October 03, 2025
Creating a Time Tracker App That Uses AI to Detect Work Patterns
Creating a Time Tracker App That Uses AI to Detect Work Patterns
Ever wondered how much time you spend working and how your productivity changes over time? Imagine an app that measures your time and analyses your work patterns using AI to help you work smarter, not harder. Like something from the future? The future is here and you can make this app! This tutorial will help you construct a time tracker application that uses AI to recognise work patterns and reveal how you spend your time. Jump in!
What You'll Need
Start with basic Python and machine learning understanding. Use React to build a simple front-end and Node.js for the back-end for time tracking. We will use TensorFlow.js to analyse work patterns using monitored time data.
We will use react-timer-hook to track work hours. AI will identify work surges, breaks, and peak productivity. Use MongoDB to store your data and know JavaScript for front-end development and Python for machine learning. Ready? Let's set up everything!
Setting Up the Project
Launch the project by creating a React app using create-react-app. The front-end will let users start and stop the timer and check their work data.
npx create-react-app time-tracker-ai
cd time-tracker-ai
npm start
Next, install time tracking and AI analysis libraries:
npm install react-timer-hook axios
npm install @tensorflow/tfjs @tensorflow-models/knn-classifier
Set up a simple timer in App.js to keep track of how long people work. This feature will be easy to add with react-timer-hook.
import React, { useState } from 'react';
import { useTimer } from 'react-timer-hook';
function App() {
const [timeElapsed, setTimeElapsed] = useState(0);
const { seconds, start, stop, reset } = useTimer({
expiryTimestamp: new Date().getTime() + 1000 * 60 * 60, // 1 hour timer
onExpire: () => alert('Time is up!'),
});
const handleStart = () => start();
const handleStop = () => stop();
const handleReset = () => reset();
return (
<div>
<h1>Time Tracker</h1>
<p>Time Elapsed: {seconds} seconds</p>
<button onClick={handleStart}>Start</button>
<button onClick={handleStop}>Stop</button>
<button onClick={handleReset}>Reset</button>
</div>
);
}
export default App;
This sets up the timer for starting, stopping, and resetting.
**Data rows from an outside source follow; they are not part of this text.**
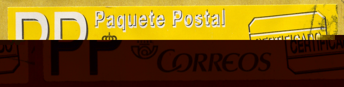 Para mayor abundamiento, reproduzco esta etiqueta junto con la etiqueta de certificado y la inscripción manual de Paquete Postal (P.P.).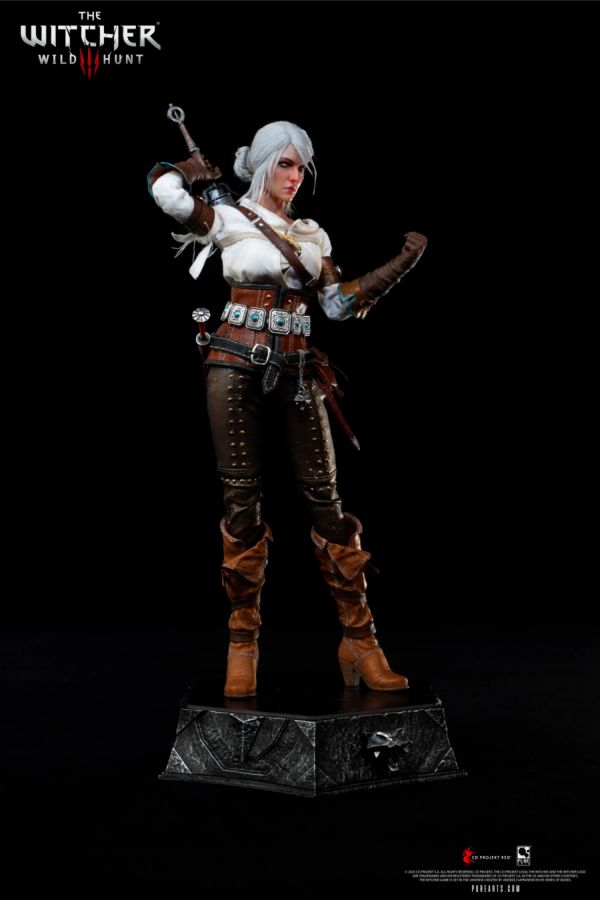 "I refuse to sit idle while you risk your lives for me." - Ciri of Cintra Hand-crafted and highly detailed with wool-rooted hair, meticulously detailed armor, and expertly tailored real clothing to create an incredibly realistic rendition of The Witcher 3: Wild Hunt's Ciri of Cintra. The poses are endless thanks to the full articulation, metal Zireael sword & sheath, dagger, and 4 sets of hands that complete this 1/6 scale articulated figure. Ciri's eyes are movable thanks to an innovative tool inside her head that enables lifelike expressions. It's the perfect companion to The Witcher 3: Wild Hunt Geralt of Rivia 1/6 Scale Statue! With real clothing, faux fur, and metal weapons, the next generation of articulated figures is here! Features: - Highly detailed articulated figure of The Witcher 3: Wild Hunt's Ciri of Cintra - Sculpted base - Fully articulated - Real, hand-tailored clothing - Wool rooted hair - Movable eyes & adjustment tool - 4 sets of hands - 1 medallion - 1 metal Zireael sword & sheath - 1 dagger - 1 faux fur mantle - Premium art box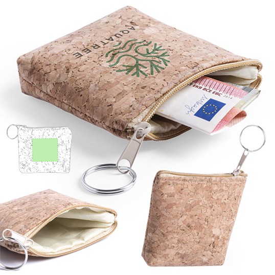 Monedero ecológico de diseño cuadrado en corcho natural y con suave forro interior. Compartimento principal con apertura de cremallera a juego y anilla llavero para transporte. Con Forro Interior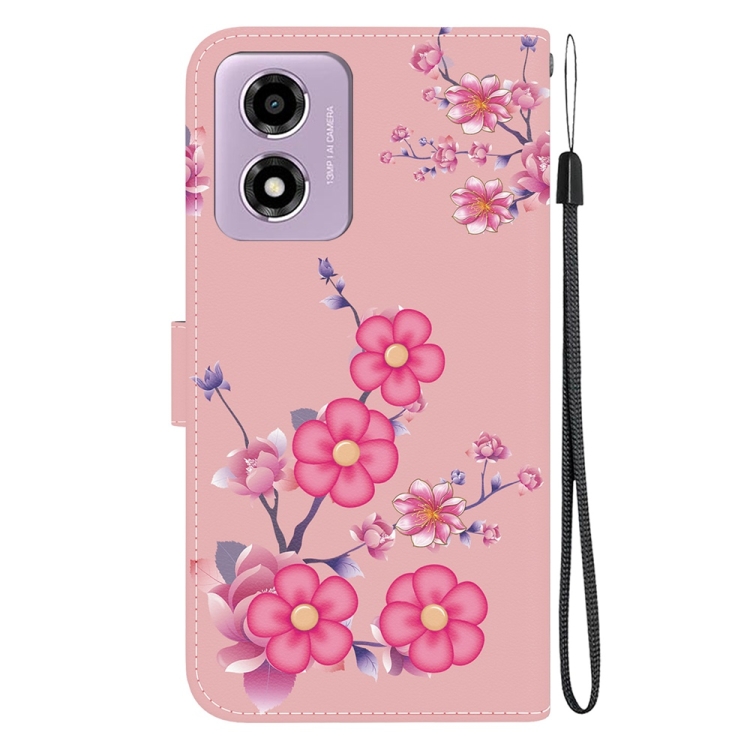 Funda para Motorola Moto G04S y Moto E14 de Cuero con Dibujo Coloreado y Textura de Cristal (Flores de Cerezo)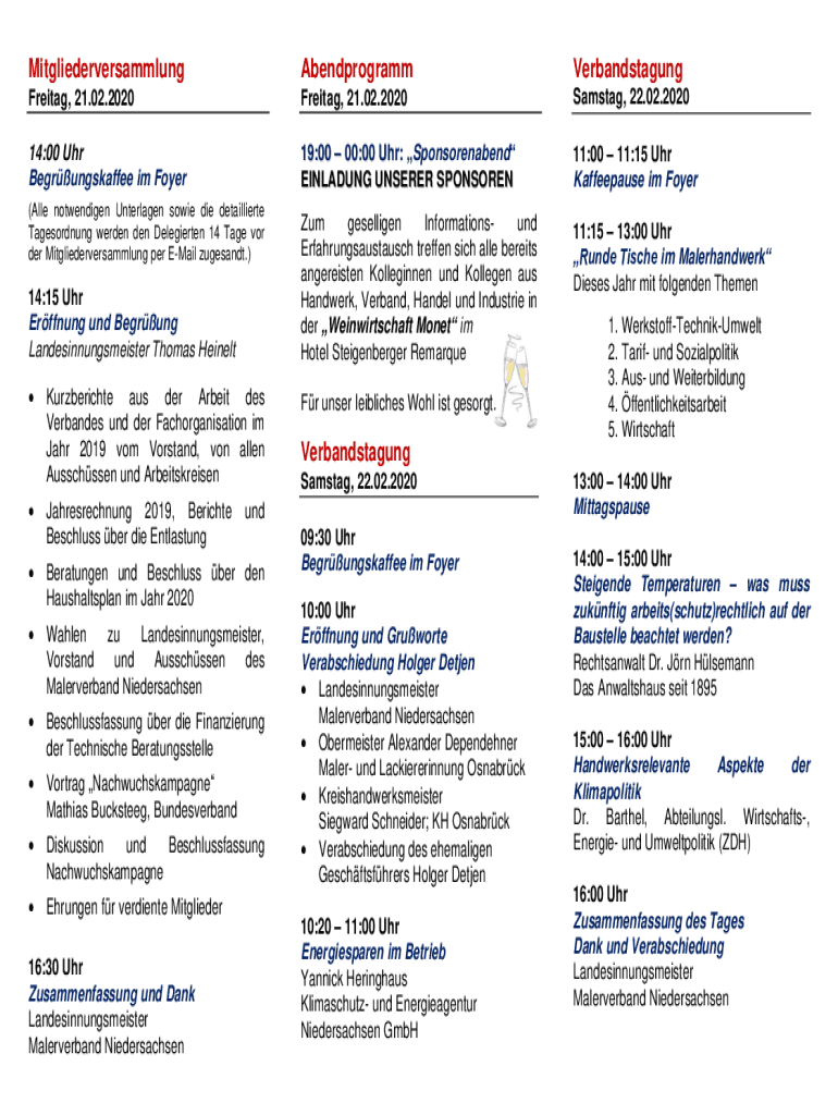 MitgliederversammlungAbendprogrammVerbandstagungFreitag, 21.02.2020Freitag, 21.02.2020Samstag, 22.02.202014:00 Uhr Begrungskaffee im Foyer19:00 00:00 Uhr: Sponsorenabend EINLADUNG UNSERER SPONSOREN11:00

Let's track work patterns using AI!
Integrating AI to Detect Work Patterns
Now that we are tracking time, let's see how AI can identify work behaviour patterns. We will use TensorFlow.js to classify time data into work and break periods for simplicity.
First, we need data that tracks time. This information could include times, breaks, and work hours. We can utilise AI to check over the data once we have enough of it.
We will create a simple K-Nearest Neighbours (KNN) classifier model to sort production periods by simulating the data. Use tagged data (work or break times) to teach the model how to make predictions about future data.
import * as tf from '@tensorflow/tfjs';
import { KNNClassifier } from '@tensorflow-models/knn-classifier';
const classifier = new KNNClassifier();
// Sample work and break periods
const workData = [1, 2, 3, 4]; // Example data representing work times
const breakData = [5, 6, 7, 8]; // Example data representing breaks
// Add data to classifier
classifier.addExample(workData, 0); // Label '0' for work
classifier.addExample(breakData, 1); // Label '1' for break
// To classify new time periods
const newTime = [2, 3]; // A new work period to classify
const result = classifier.predictClass(newTime);
console.log(`This is a ${result.label === 0 ? 'work' : 'break'} period.`);
This is simply an example. You can make the model better by training it on more specific information, such the time of day, how long a work session lasts, or how fast you type.
Storing and Analyzing Data
By saving work and break intervals in MongoDB, we may analyse time data. Set up the Node.js back-end and connect to MongoDB.
First, install the necessary dependencies:
npm install express mongoose
Create an app.js file for the back-end:
const express = require('express');
const mongoose = require('mongoose');
const app = express();
mongoose.connect('mongodb://localhost/time-tracker', { useNewUrlParser: true });
const TimeEntry = mongoose.model('TimeEntry', {
type: String, // 'work' or 'break'
startTime: Date,
endTime: Date,
});
app.post('/log-time', (req, res) => {
const newTime = new TimeEntry({
type: req.body.type,
startTime: req.body.startTime,
endTime: req.body.endTime,
});
newTime.save().then(() => res.send('Time logged successfully.'));
});
app.listen(3000, () => {
console.log('Server running on http://localhost:3000');
});
A simple server logs work and break periods into MongoDB. This lets you store and analyse work patterns using your AI model.
Visualizing Work Patterns
After collecting data and using AI to identify work patterns, visualise them. Displaying work versus break time graphs helps you analyse productivity.
Chart.js, a robust interactive chart framework, will visualise data. Install Chart.js.
npm install chart.js
Then, in your React app, you can display a simple line chart:
import { Line } from 'react-chartjs-2';
const data = {
labels: ['Mon', 'Tue', 'Wed', 'Thu', 'Fri'],
datasets: [
{
label: 'Work Time',
data: [5, 3, 8, 6, 7], // Example work data
borderColor: 'rgba(75, 192, 192, 1)',
fill: false,
},
{
label: 'Break Time',
data: [1, 2, 1, 2, 1], // Example break data
borderColor: 'rgba(255, 99, 132, 1)',
fill: false,
},
],
};
function WorkPatternChart() {
return <Line data={data} />;
}
export default WorkPatternChart;
This code shows your weekly work and break times as a line chart. The visualisation reveals peak productivity times and places where you need more breaks.
Conclusion
So, there you have it! You created an AI-powered time tracker app that measures and analyses productivity. By combining machine learning and time data, you can gain insights into your work habits. Understanding your work patterns can boost productivity and work-life balance for freelancers, students, and professionals. Improve your app, add features, and track your productivity.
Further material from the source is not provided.